Task prompt:
Exactly and only the lines below from the one containing "İstanbul Kent Üniversitesi" down to the one containing "В этом нежном" are wanted, both included; please exclude every picture.

Data extract:
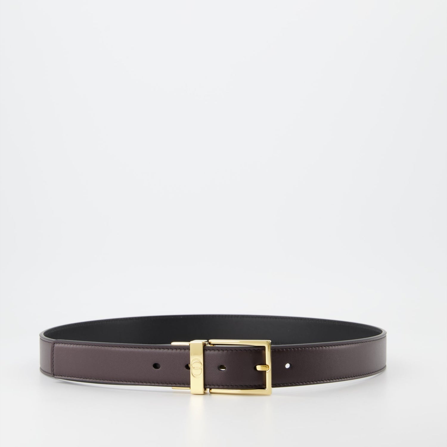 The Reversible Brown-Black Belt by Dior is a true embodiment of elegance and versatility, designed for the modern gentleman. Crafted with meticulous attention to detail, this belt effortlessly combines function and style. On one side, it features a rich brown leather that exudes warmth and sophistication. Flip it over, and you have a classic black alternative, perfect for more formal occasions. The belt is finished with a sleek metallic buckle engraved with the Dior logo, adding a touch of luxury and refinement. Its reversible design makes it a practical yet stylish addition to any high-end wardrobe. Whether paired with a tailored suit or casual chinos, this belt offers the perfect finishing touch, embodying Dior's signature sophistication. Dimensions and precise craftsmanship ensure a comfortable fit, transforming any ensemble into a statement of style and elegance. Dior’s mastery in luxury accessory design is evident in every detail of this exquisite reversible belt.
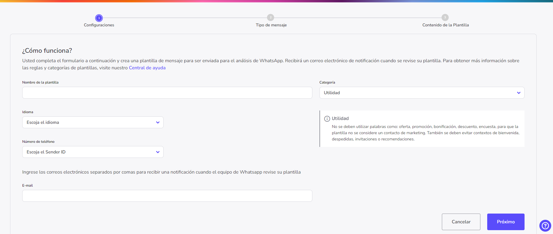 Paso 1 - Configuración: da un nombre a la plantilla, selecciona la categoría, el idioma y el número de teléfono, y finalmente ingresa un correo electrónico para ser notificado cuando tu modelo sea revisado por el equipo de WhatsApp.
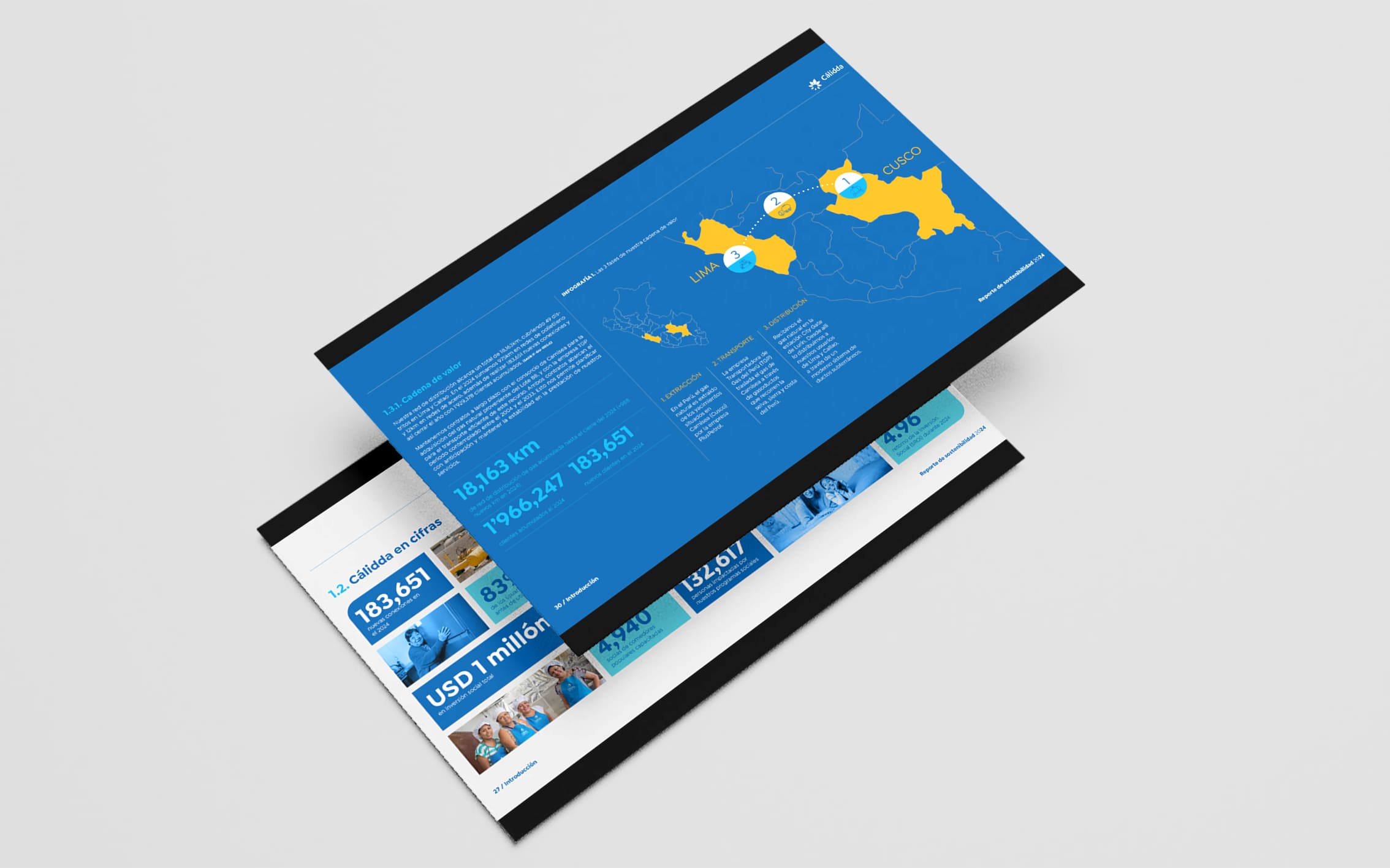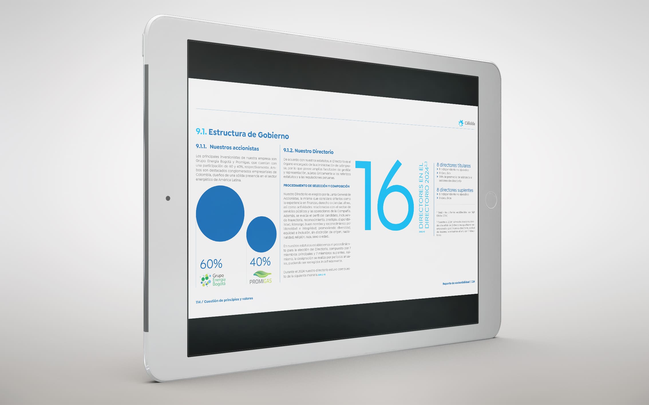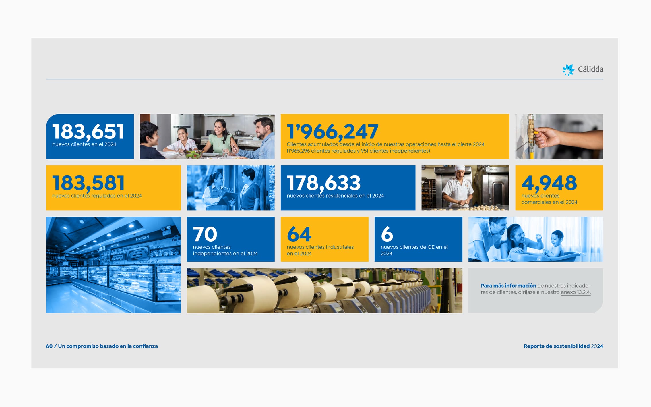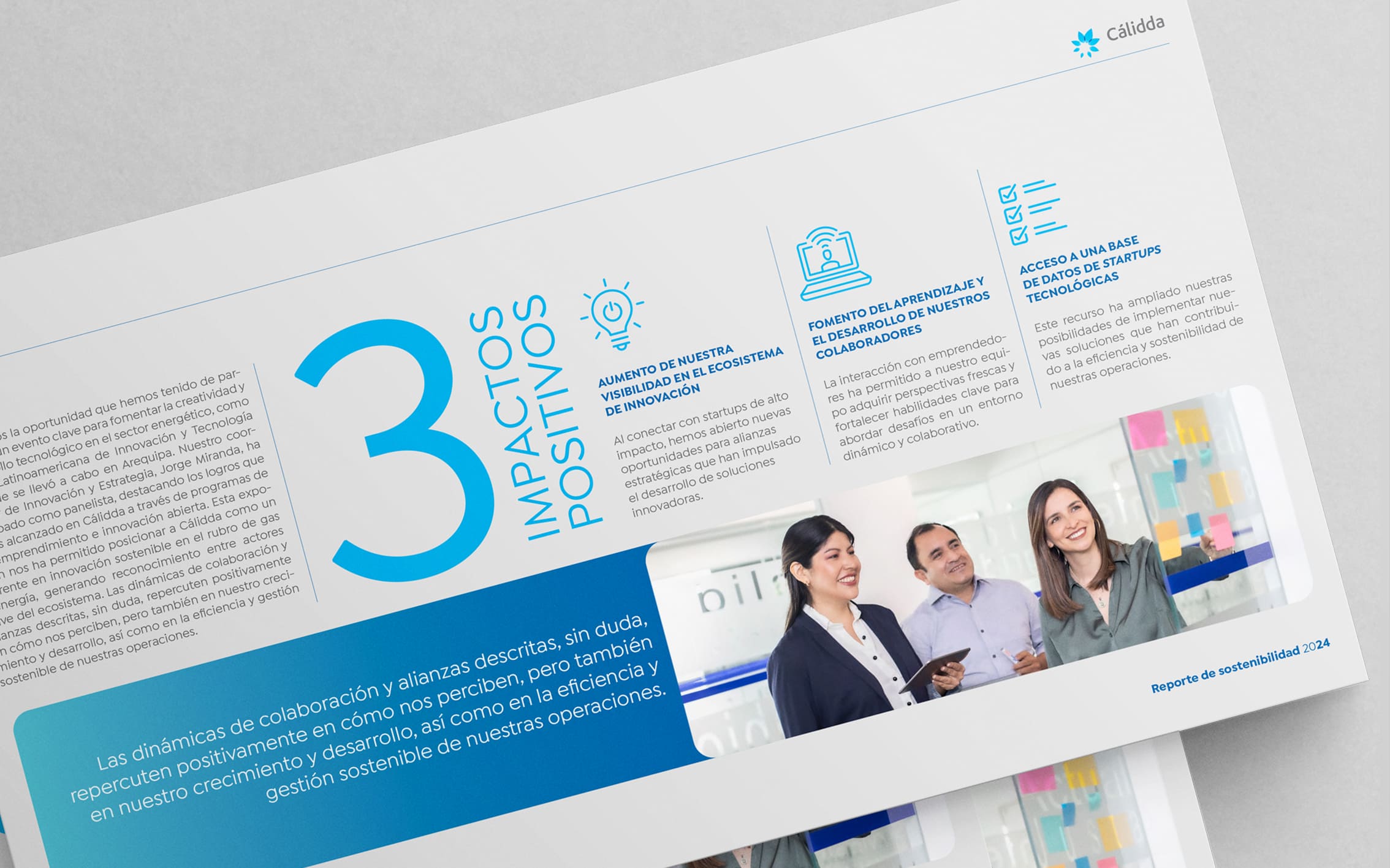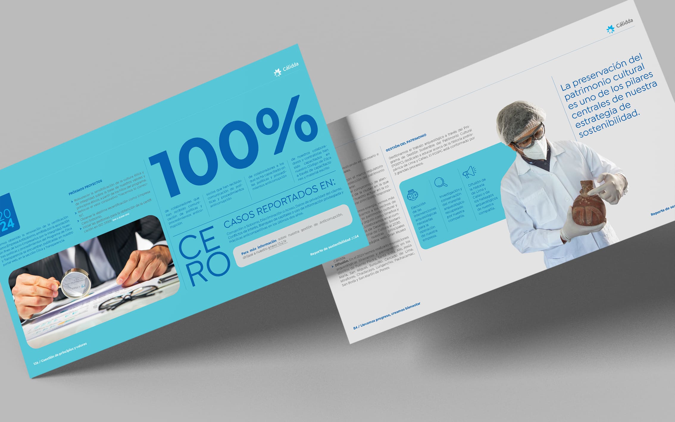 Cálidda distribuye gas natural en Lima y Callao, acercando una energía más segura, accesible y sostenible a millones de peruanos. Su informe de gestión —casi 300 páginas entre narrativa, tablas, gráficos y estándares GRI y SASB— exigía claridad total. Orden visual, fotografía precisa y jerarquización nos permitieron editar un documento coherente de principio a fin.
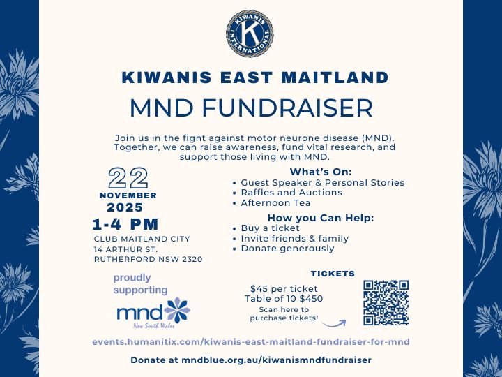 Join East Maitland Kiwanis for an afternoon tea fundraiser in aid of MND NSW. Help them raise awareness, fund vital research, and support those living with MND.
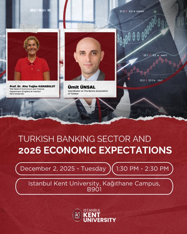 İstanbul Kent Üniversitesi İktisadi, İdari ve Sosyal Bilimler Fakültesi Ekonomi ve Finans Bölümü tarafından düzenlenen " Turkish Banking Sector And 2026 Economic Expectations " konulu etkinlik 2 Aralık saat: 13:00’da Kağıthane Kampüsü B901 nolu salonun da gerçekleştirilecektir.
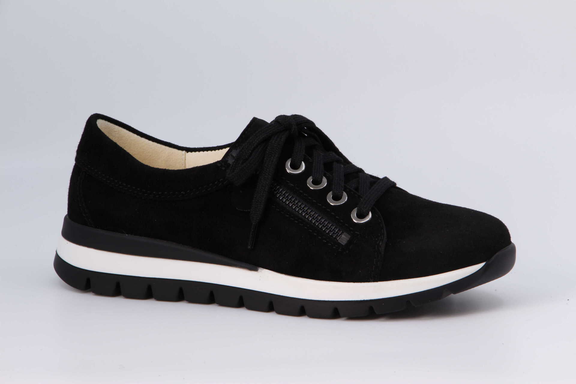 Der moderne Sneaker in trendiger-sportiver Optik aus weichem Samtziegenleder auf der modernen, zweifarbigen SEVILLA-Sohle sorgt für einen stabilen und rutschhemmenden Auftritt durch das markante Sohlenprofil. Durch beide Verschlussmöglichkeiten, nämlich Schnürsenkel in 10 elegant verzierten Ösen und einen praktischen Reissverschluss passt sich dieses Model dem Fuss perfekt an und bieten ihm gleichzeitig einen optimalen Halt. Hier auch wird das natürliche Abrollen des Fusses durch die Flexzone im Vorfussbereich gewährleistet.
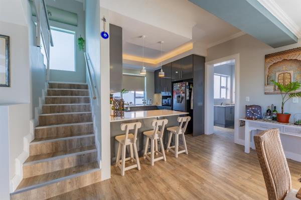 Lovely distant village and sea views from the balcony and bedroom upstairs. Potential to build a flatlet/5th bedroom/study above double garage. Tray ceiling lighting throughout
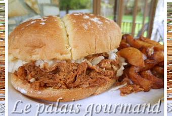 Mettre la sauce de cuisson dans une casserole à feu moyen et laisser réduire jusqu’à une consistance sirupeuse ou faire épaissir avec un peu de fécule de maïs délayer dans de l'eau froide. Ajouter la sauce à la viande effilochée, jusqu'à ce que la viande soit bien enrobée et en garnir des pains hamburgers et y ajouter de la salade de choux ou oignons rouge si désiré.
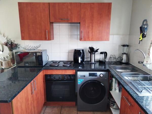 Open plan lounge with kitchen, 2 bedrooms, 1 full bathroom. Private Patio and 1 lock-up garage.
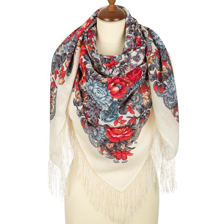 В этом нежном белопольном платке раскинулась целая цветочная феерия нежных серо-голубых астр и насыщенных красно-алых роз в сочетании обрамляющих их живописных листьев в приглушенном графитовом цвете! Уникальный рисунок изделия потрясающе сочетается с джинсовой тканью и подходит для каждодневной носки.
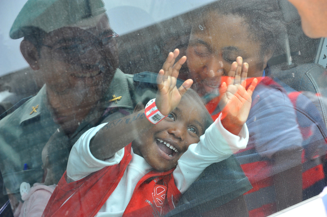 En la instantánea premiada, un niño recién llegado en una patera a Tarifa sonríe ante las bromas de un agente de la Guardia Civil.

The answer:
 İstanbul Kent Üniversitesi İktisadi, İdari ve Sosyal Bilimler Fakültesi Ekonomi ve Finans Bölümü tarafından düzenlenen " Turkish Banking Sector And 2026 Economic Expectations " konulu etkinlik 2 Aralık saat: 13:00’da Kağıthane Kampüsü B901 nolu salonun da gerçekleştirilecektir.
 Der moderne Sneaker in trendiger-sportiver Optik aus weichem Samtziegenleder auf der modernen, zweifarbigen SEVILLA-Sohle sorgt für einen stabilen und rutschhemmenden Auftritt durch das markante Sohlenprofil. Durch beide Verschlussmöglichkeiten, nämlich Schnürsenkel in 10 elegant verzierten Ösen und einen praktischen Reissverschluss passt sich dieses Model dem Fuss perfekt an und bieten ihm gleichzeitig einen optimalen Halt. Hier auch wird das natürliche Abrollen des Fusses durch die Flexzone im Vorfussbereich gewährleistet.
 Lovely distant village and sea views from the balcony and bedroom upstairs. Potential to build a flatlet/5th bedroom/study above double garage. Tray ceiling lighting throughout
 Mettre la sauce de cuisson dans une casserole à feu moyen et laisser réduire jusqu’à une consistance sirupeuse ou faire épaissir avec un peu de fécule de maïs délayer dans de l'eau froide. Ajouter la sauce à la viande effilochée, jusqu'à ce que la viande soit bien enrobée et en garnir des pains hamburgers et y ajouter de la salade de choux ou oignons rouge si désiré.
 Open plan lounge with kitchen, 2 bedrooms, 1 full bathroom. Private Patio and 1 lock-up garage.
 В этом нежном белопольном платке раскинулась целая цветочная феерия нежных серо-голубых астр и насыщенных красно-алых роз в сочетании обрамляющих их живописных листьев в приглушенном графитовом цвете! Уникальный рисунок изделия потрясающе сочетается с джинсовой тканью и подходит для каждодневной носки.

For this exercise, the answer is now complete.